SALT LAKE CITY — As a small but vocal chorus of Utahns continue to applaud rising COVID-19 infection rates for the sake of herd immunity, health officials and experts say that route to herd immunity isn’t the answer.
Herd immunity means enough people become immune to a disease to make spread unlikely. The percentage of a community that needs to become immune differs by disease, and is currently unknown for COVID-19. Polio is an example of a disease that was eradicated in the U.S. due to herd immunity reached through immunization.
The Beehive State won’t reach it until a vaccine becomes available, Dr. Angela Dunn, epidemiologist with the Utah Department of Health, and others have repeatedly said during the course of the pandemic.
But will a vaccine really lead to herd immunity — and why is it the best answer, according to experts?
“In most cases, vaccines actually provide a more stable and better immune response than the disease itself. And it seems to be for COVID, especially in those individuals who are asymptomatic or have very mild disease, they’re not mounting a very large antibody response. And those antibodies, the counts drop pretty dramatically within two to three months,” said Dr. Tamara Sheffield, medical director for community health and prevention at Intermountain Healthcare.

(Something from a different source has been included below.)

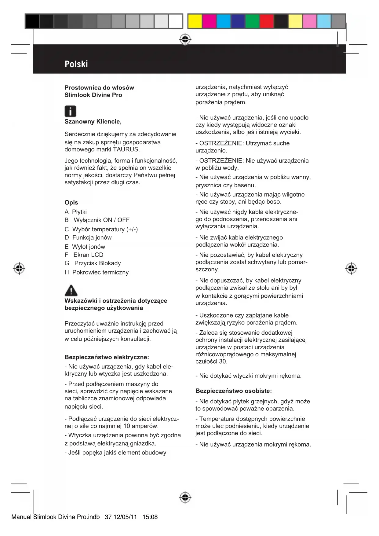 Slimlook Divine Pro - Prostownica do włosów TAURUS - Bezpłatna instrukcja obsługi
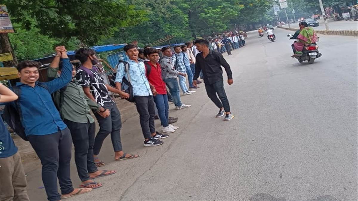 साइंस कालेज के छात्रों का चरणबद्ध आंदोलन एक सितंबर से लगातार जारी है। बुधवार दोपहर एक बजे के लगभग छात्रों ने रणनीति के तहत कालेज से बाहर आ गए। मेन रोड पर मानव श्रृंखला बनाकर अपनी नाराजगी जाहिर की। छात्रों के इस विरोध प्रदर्शन का अखिल भारतीय विद्यार्थी परिषद ने भी समर्थन किया। आंदोलन वापस लेने कॉलेज प्रशासन लगातार प्रयास में है लेकिन अभी तक सफलता नहीं मिली है। दूसरी और छात्रों का विरोध लगातार बढ़ रहा है। मानव श्रृंखला के साथ छात्रों ने यह संदेश देने का प्रयास किया कि किसी तरह मुख्यमंत्री उनकी बातों को सुने और छात्र हित में न्याय करें।

It’s been found with many other infections that vaccines mount a “better and long-lasting” immune response, she said. Those who have had the disease already may not have experienced enough of an immune response to prevent them from getting the disease again, or from spreading it to others.
Of 100 people who contract the disease, 14 will become severely ill, five of whom will require intensive care, Sheffield noted. Death rates between 1% and 2% is also “unheard of for individuals in terms of an illness,” she said.
“This is a bad actor. And so if we’re waiting for people to all become immune without the vaccine, that means that you’re going to have to say a whole large portion of the population is going to have to be severely ill,” she explained.
Health officials currently believe a 70% immunization rate might be needed to gain herd immunity for the novel coronavirus, but that remains under investigation as the disease is still so new, Sheffield said.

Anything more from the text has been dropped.